Mereka lalu mengambil tempat duduk. Dan bersiap menyantap makan yang mereka ambil tadi


“Bisa saya bicara dengan Anda Pak?” tanya seorang anak yang berdiri di sisi meja mereka. Tentu saja Adit dan Dinda kaget melihat anak itu.


“Bagaimana mungkin kamu bisa ke sini sendirian? Di mana kedua orang tuamu dan adik-adikmu?” tanya Dinda pada Bramantyo Setyo yang sekarang bernama David William McKenzie.


“Mereka sedang di bawah. Saya bilang saya ke toilet dan adik saya sudah tahu jadi dia akan memberitahu saya bilang ayah atau ibu saya menyusul ke sini,” kata anak lelaki tersebut dengan penuh percaya diri.


“Oke, saya rasa waktumu tidak terlalu banyak. Kamu mau tanya apa?” tanya Adit.


“Apa yang Anda tadi katakan semuanya benar?” tanya Bramantyo Setyo.


“Siapa Anda?” lelaki kecil itu bertanya lugas.


“Sebenarnya ibu kamu itu yatim piatu. dia anak sopir saya. Dia diangkat anak oleh ibu saya sejak berumur satu tahun karena ayahnya meninggal dan ibunya menaruh di panti asuhan.”


“Tetapi entah bagaimana, didikan ibu saya tidak berhasil. Dia menjadi perempuan nakal seperti ibunya. Suatu hari saya di jebak olehnya. Sehingga kami rutin melakukan hubungan yang tidak sebaiknya dilakukan sebelum menikah. Lalu dia mulai mengarahkan saya untuk melakukan kecurangan, mengambil uang ayah saya. Ayah saya pemilik sebuah perusahaan,” jelas Adit.

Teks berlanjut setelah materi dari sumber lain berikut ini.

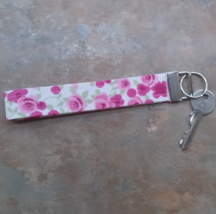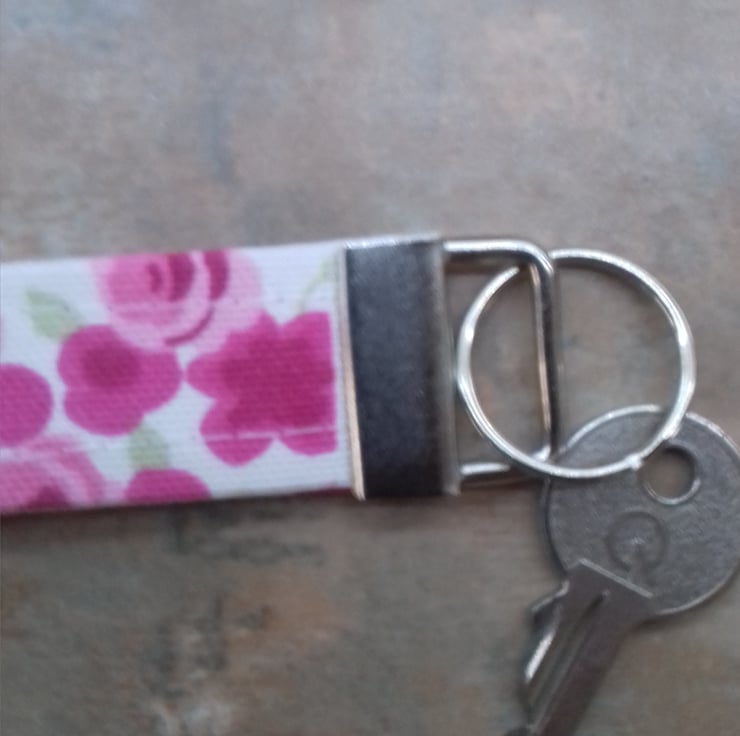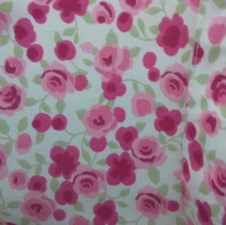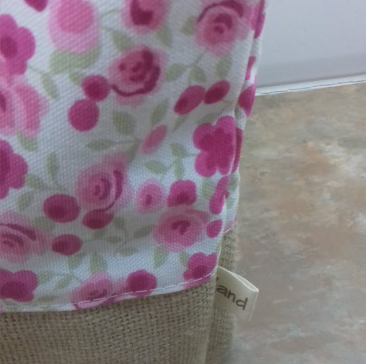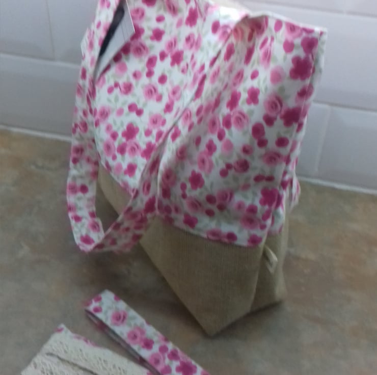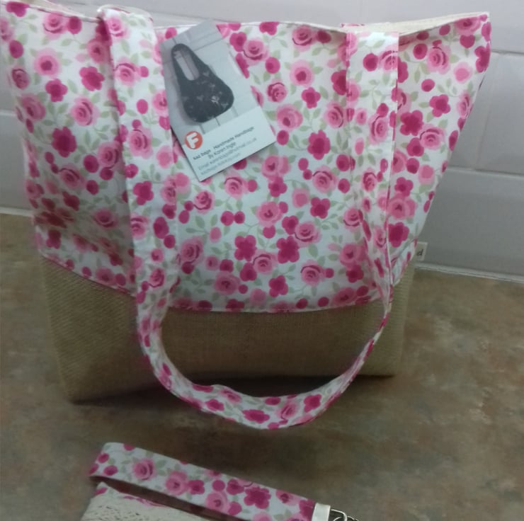 This tote bag with matching accessories comes with a wristband key ring and matching tissue holder all in the same floral rose pink fabric.the bag has a Hessian box base .the set has a shabby chic look.

“Suatu hari dia bilang ada kamu di perutnya dan itu adalah anak saya. Karena merasa bertanggung jawab, saya pun memberikan dia tempat tinggal untuknya tapi kami tidak menikah. Ingat kami tidak pernah menikah. Saya menikah dengan istri saya ini, ibumu pun datang karena dia adik angkat saya.”


“Suatu hari istri saya ini tahu kalau ibu kamu itu saya pelihara sebagai istri simpanan. Saya membelikan dia mobil dan rumah. Padahal saya tidak membelikan itu semua pada istri saya. Karena ibu kamu menuntut harus dibelikan.”

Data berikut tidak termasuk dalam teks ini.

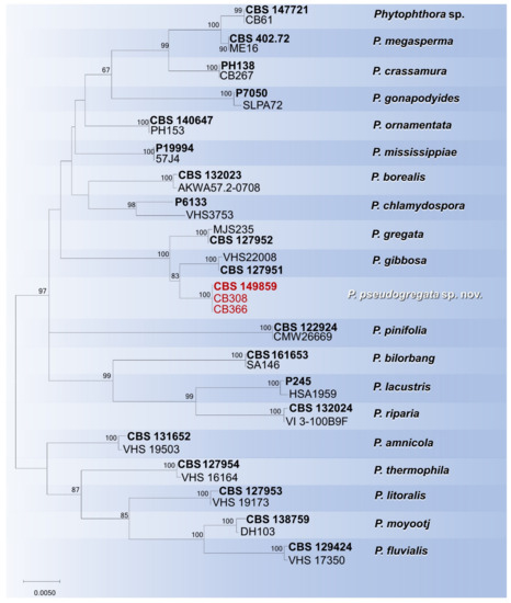 In addition, three isolates obtained from necrotic tissues of Alnus viridis, Juniperus communis and Rhododendron ferrugineum could not be assigned to any known Phytophthora species and are therefore described here as Phytophthora pseudogregata sp. nov.
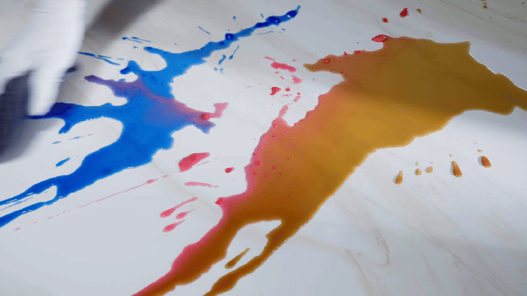 首先是双零吸水率(≤0.05%)。韵·镜界石以超低吸水率,构筑起高标准的洁净防护体系,瓷砖不易藏污渗污,酱油、颜料等生活常见污迹一擦即净,日常打理轻松搞定。

“Dia minta rumah katanya untuk membuat kamu nyaman. Begitu pun  mobil juga agar kamu tidak kepanasan bila cari taksi. Karena saya cinta anak, saya berikan apa yang dia minta dengan alasan namamu sebagaai anak saya.”


“Ternyata ayah saya tidak buta. Dia mengadakan tes DNA antara kamu dan saya dan ternyata hasilnya kamu bukan anak saya. Itu pertama kali saya kecewa sama ibu kamu yang sudah menipu saya.”


“Sejak dia mengaku hamil ternyata dia melakukan itu karena pacarnya yaitu ayahmu tidak berani mengakui kamu itu anaknya, sebab saat itu ibumu banyak lelaki lain dan juga ayah kandungmu itu punya istri sah.”


“Itu kenyataannya. Karena uang yang saya belikan rumah dan mobil adalah hasil dari korupsi di perusahaan, maka semua disita dan sebagai penyebab korupsi itu ibu kamu ditahan polisi.”


“Saat itulah ayah kandungmu datang sebagai pahlawan. Dia membebaskan ibumu diam-diam dan melarikan diri ke sini. Itu kenyataannya. Kalau kamu tak percaya ini alamat email saya. Akan saya berikan semua bukti apa yang ibu dan ayah kamu lakukan di Indonesia dulu,” kata Adit.


“Jadi saya dulu pernah jadi anak Anda?” tanya anak lelaki tersebut menatap lekat mata Adit.